*ACTIVITY*.
Beginning with the line below that contains "PCを使って、調べた事を「共有(お互いに見合う、感想を伝える)」していました。" and ending with the line that contains "TX Toning Daily", retype every line exactly. Pictures are not copied.

*DATASET*.
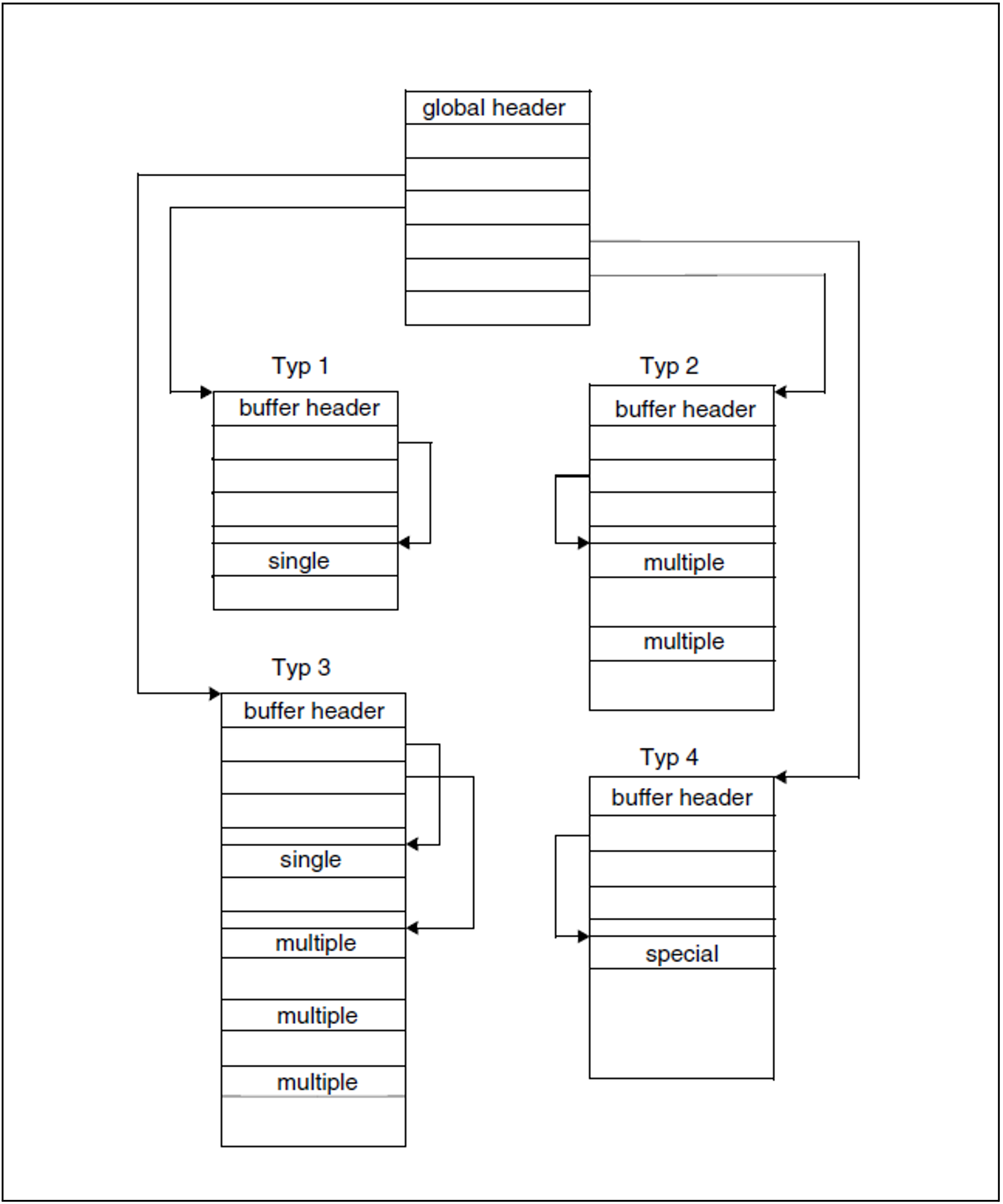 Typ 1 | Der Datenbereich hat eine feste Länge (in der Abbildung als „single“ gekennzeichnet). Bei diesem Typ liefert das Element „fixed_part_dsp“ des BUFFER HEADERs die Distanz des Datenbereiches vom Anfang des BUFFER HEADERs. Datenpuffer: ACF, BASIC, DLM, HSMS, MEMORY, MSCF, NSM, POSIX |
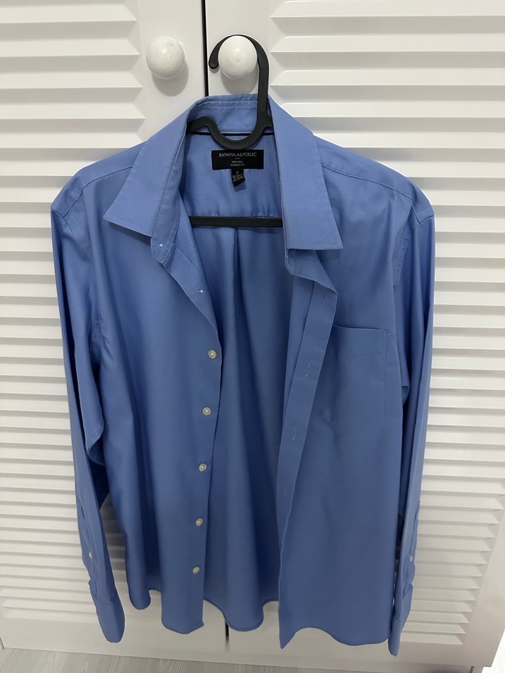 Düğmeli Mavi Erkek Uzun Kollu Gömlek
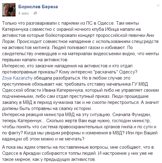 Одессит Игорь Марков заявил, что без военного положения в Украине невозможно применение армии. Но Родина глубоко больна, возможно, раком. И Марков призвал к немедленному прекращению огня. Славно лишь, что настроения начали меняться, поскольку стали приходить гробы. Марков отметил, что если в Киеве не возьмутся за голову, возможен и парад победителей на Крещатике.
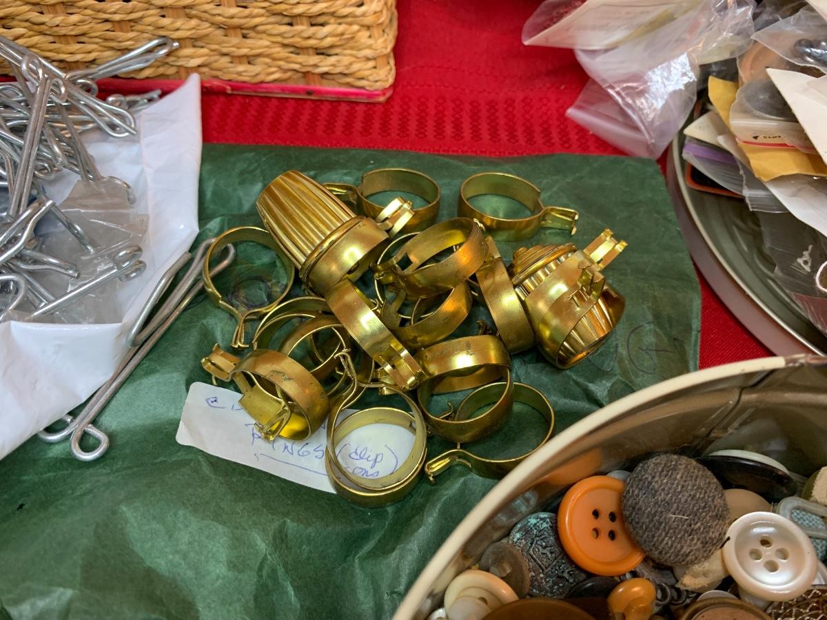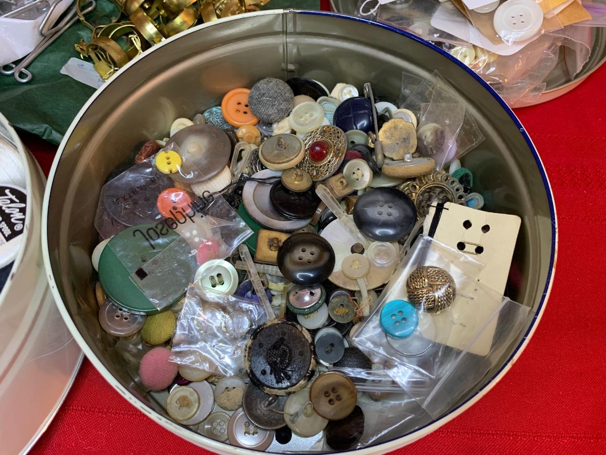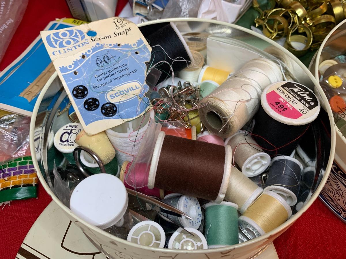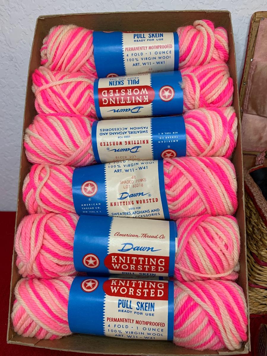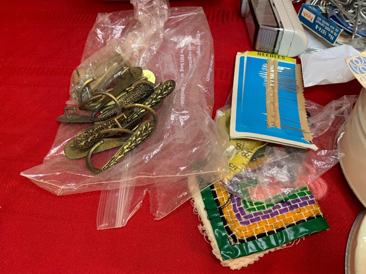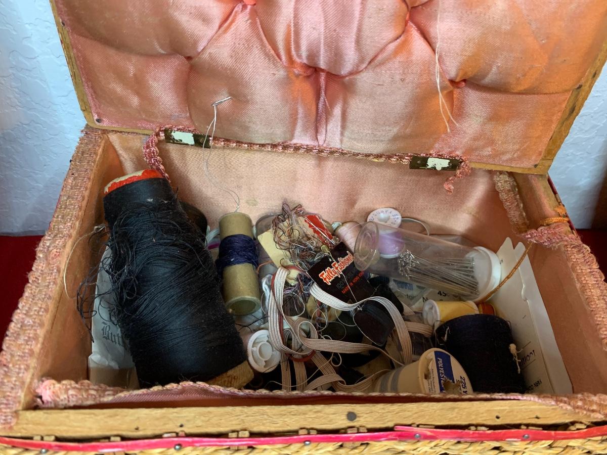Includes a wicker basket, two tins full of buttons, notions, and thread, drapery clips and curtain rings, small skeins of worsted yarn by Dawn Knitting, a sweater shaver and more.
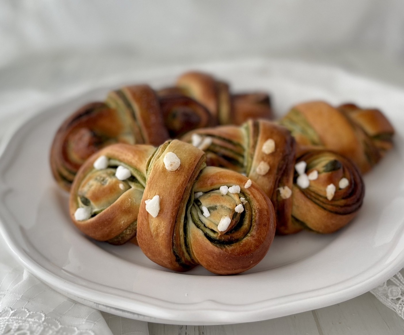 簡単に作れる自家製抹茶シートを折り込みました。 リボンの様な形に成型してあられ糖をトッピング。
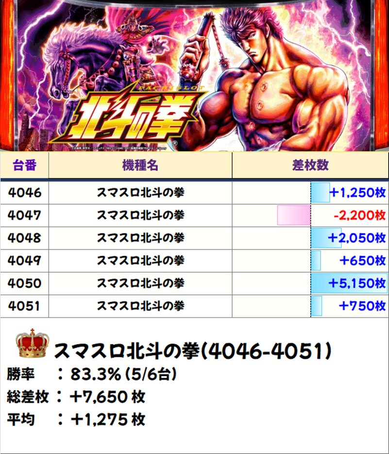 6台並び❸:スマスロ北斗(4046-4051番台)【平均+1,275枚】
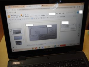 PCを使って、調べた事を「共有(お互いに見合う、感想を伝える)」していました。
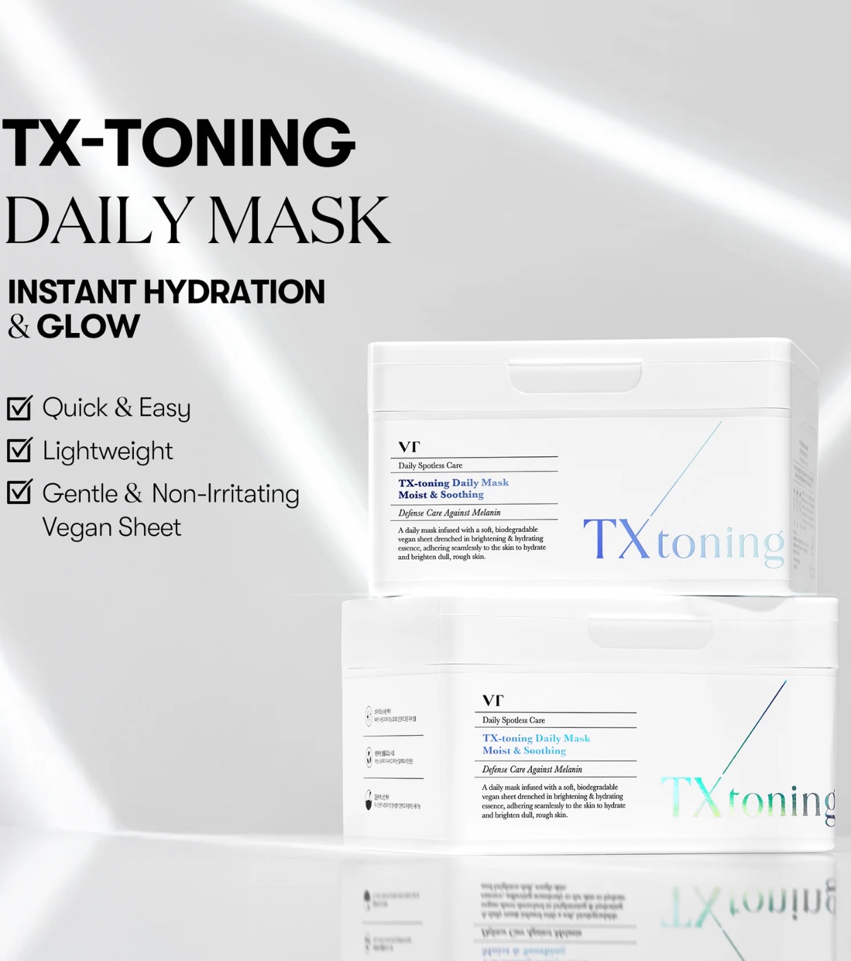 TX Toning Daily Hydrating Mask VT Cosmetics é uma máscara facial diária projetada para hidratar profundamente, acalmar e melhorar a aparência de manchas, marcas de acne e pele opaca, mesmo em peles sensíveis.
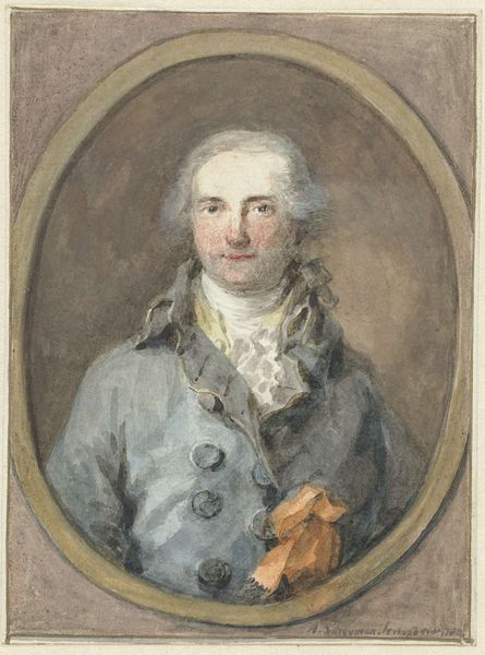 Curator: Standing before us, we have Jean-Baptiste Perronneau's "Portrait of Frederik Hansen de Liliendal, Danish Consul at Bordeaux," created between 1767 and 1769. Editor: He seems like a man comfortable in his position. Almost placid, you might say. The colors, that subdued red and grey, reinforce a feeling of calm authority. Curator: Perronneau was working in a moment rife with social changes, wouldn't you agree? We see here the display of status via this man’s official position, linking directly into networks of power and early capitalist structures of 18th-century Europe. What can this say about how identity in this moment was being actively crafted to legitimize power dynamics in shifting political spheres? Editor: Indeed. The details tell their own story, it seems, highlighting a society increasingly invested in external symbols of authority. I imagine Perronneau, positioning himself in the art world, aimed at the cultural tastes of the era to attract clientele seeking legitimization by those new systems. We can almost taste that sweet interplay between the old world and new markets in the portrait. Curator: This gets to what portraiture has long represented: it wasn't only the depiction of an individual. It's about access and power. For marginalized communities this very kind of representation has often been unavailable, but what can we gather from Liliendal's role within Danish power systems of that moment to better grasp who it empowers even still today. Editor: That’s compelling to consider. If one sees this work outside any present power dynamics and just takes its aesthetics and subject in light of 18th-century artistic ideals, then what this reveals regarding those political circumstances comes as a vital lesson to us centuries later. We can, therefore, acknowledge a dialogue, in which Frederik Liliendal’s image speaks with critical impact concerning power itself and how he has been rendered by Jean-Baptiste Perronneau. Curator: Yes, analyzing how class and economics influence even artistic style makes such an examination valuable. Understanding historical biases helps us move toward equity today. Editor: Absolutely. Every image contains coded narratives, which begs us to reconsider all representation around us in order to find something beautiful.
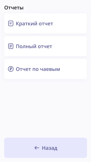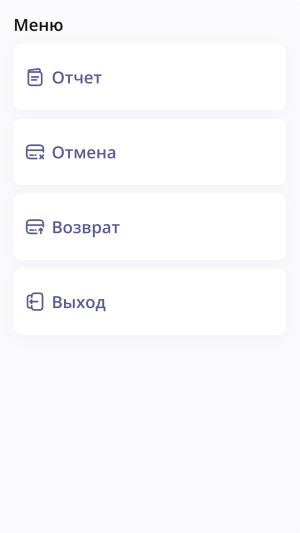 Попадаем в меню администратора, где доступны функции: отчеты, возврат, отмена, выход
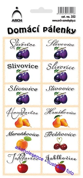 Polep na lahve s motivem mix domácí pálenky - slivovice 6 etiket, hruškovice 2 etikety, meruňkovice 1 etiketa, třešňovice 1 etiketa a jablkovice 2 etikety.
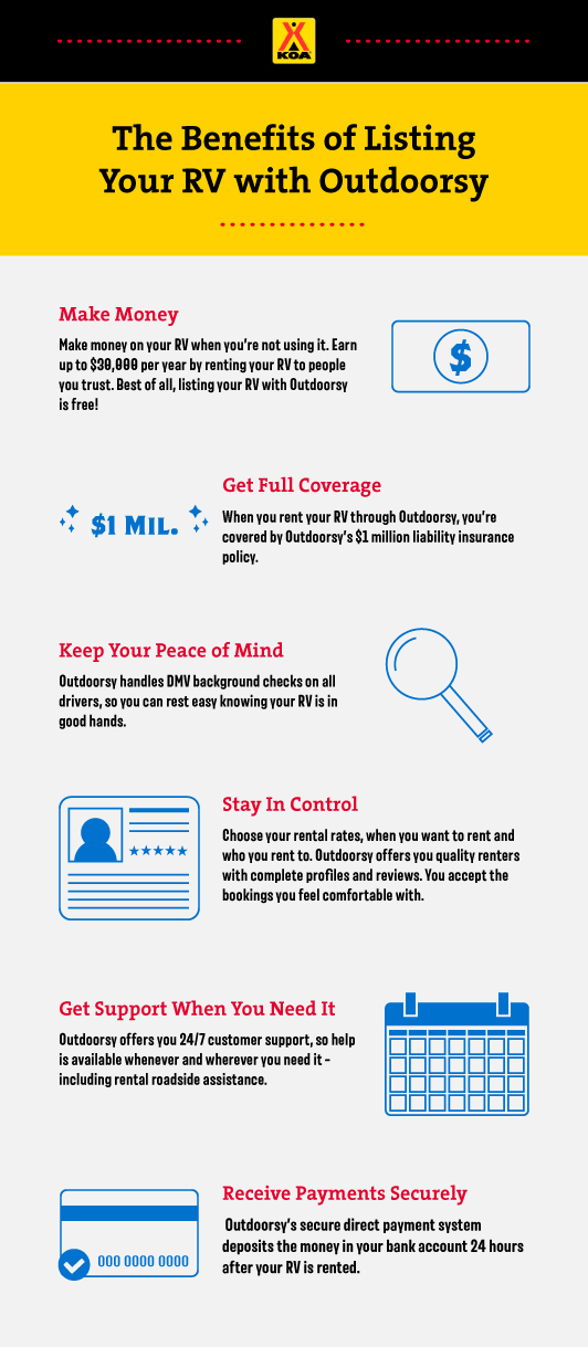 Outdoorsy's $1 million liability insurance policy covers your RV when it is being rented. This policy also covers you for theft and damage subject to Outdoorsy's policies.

*YOUR SOLUTION*.
 PCを使って、調べた事を「共有(お互いに見合う、感想を伝える)」していました。
 TX Toning Daily Hydrating Mask VT Cosmetics é uma máscara facial diária projetada para hidratar profundamente, acalmar e melhorar a aparência de manchas, marcas de acne e pele opaca, mesmo em peles sensíveis.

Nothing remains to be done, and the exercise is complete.